Craig Hudson | Reuters

Ophelia Nichols, known as “shoelover99” on TikTok, is among the scores of online creators and influencers whose livelihood has been suddenly thrown into potential chaos.

Nichols, who lives in Alabama, has over 12.5 million followers on TikTok, an app she uses for creating lifestyle content and delivering rants in her deep Southern accent. Her posts can attract millions of views, and she makes most of her money through promotional partnerships with brands like Home Chef.

But after this week’s actions in Washington, D.C., Nichols doesn’t know what happens next.

On Wednesday, President Biden signed a bill forcing the divestiture of TikTok from Chinese parent ByteDance or else it could face a national ban. The legislation passed the Senate on Tuesday alongside a package to provide billions of dollars in aid to Israel, Ukraine and Taiwan.

“TikTok allows small businesses and creators to find their people in their community,” Nichols told CNBC, ahead of the bill’s signing. “It gives everybody the opportunity to be able to provide for their family in a way that they have probably never provided for their family before. It has changed people’s lives.”

A ban could take years, and TikTok is likely to challenge it in court. But in the meantime, there’s a lot of uncertainty.

Small and mid-sized businesses that used TikTok supported 224,000 jobs, according to an Oxford Economics study paid for by TikTok. These businesses generated nearly $15 billion in revenue and contributed $24.2 billion to the U.S. gross domestic product in 2023, the study said.

President Biden to sign bill that would potentially ban TikTok

Nichols joined a number of other TikTok creators in traveling to the Capitol to oppose a potential ban.

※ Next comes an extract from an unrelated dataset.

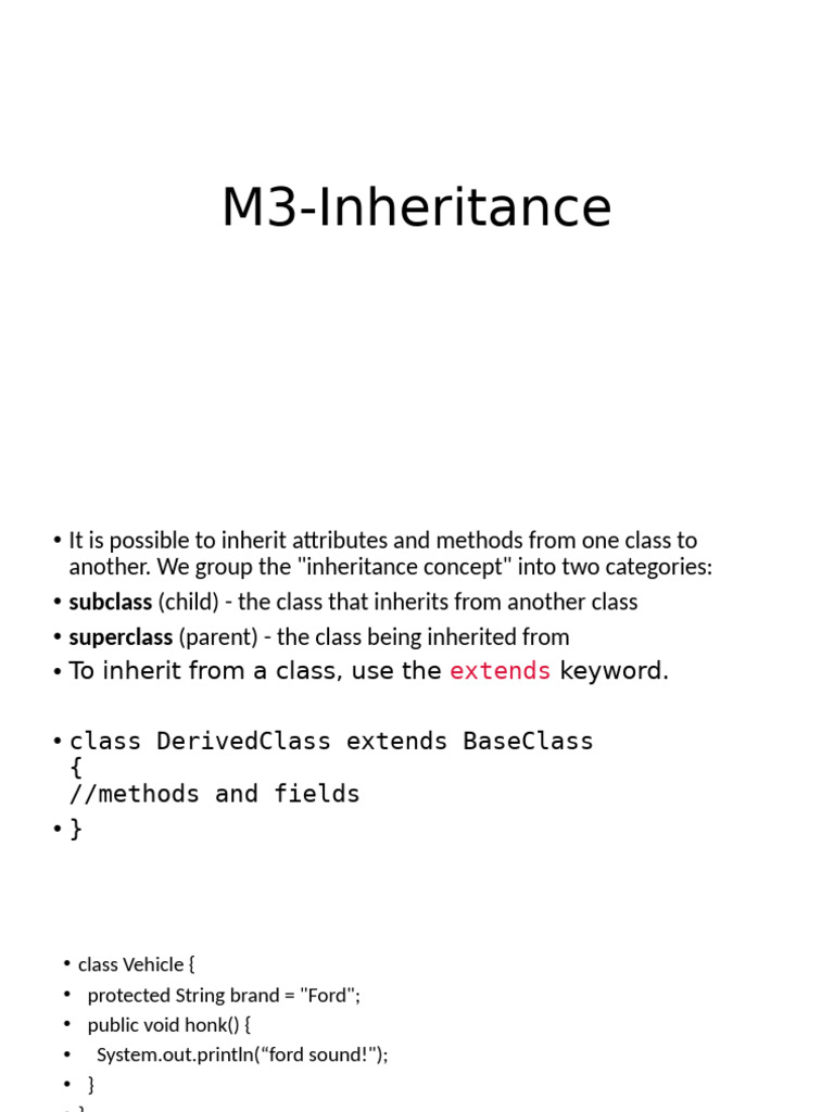 • System.out.println(); /* The subclass has access to all public members of its superclass. */

She wanted to speak out against it and explain to lawmakers how she runs her business using the app. Nichols said TikTok didn’t ask her to join the protest.

“You’re taking away our First Amendment rights,” Nichols said. “People don’t understand. This is a community. It’s a family. Whatever it is that you enjoy or that makes you smile, you will find someone else on the app that loves that too.”

According to the CNBC All America Survey from March, 47% of participants supported a ban or a sale, while just over 30% opposed a ban.

TikTok hosts over 585,000 posts, predominantly consisting of videos, under the hashtags #KeepTikTok and #SaveTikTok, where users vocally oppose the ban. Many testimonials underscore TikTok’s significant role in providing online entertainment, while others implore the preservation of the current platform, crucial for their livelihoods.

The effort stems from ByteDance’s $7 million marketing strategy to mobilize American opposition against the ban. Tactics ranged from heartfelt testimonial videos featuring TikTok CEO Shou Zi Chew to in-app banners advocating for users to call their senator, and even physical protests staged outside the Capitol.

Following Biden’s signing of the bill on Wednesday, TikTok called the measure unconstitutional and said it will challenge the law in court.

“We believe the facts and the law are clearly on our side, and we will ultimately prevail,” the company said in a post on X. “This ban would devastate seven million businesses and silence 170 million Americans.”

Lawmakers have long argued that TikTok is a national security threat to the U.S., on the grounds that the Chinese government could use TikTok data to spy on American users and spread disinformation and conspiracy theories.

‘You can still move forward’

Senator Markwayne Mullin, R-Okla., told CNBC’s “Last Call” on Tuesday that the legislation isn’t a ban, but just a requirement that TikTok separate itself from ByteDance.

“You can still keep the platform, you can still move forward,” Mullin said. “But the Chinese Communist Party is using the algorithm, which they developed, for ByteDance, for TikTok, and the servers that they use to be able to push out their propaganda.”

TikTok creators and influencers, living far out of the realm of politics, have a very different concern.

Many users of the app have struggled to obtain similar audiences on other platforms. Creators say that each platform is different, with its own audience and interests, and TikTok’s algorithm makes it easier for their videos to get discovered by a larger audience.

“People say, ‘If we shut down TikTok, they’ll go follow you on Meta,’ which is not true,” said V Spehar, host of “Under the Desk News,” a short-form news show with over 3 million followers on TikTok, in an interview with CNBC. “And it’s not true for so many people. Otherwise, we would.”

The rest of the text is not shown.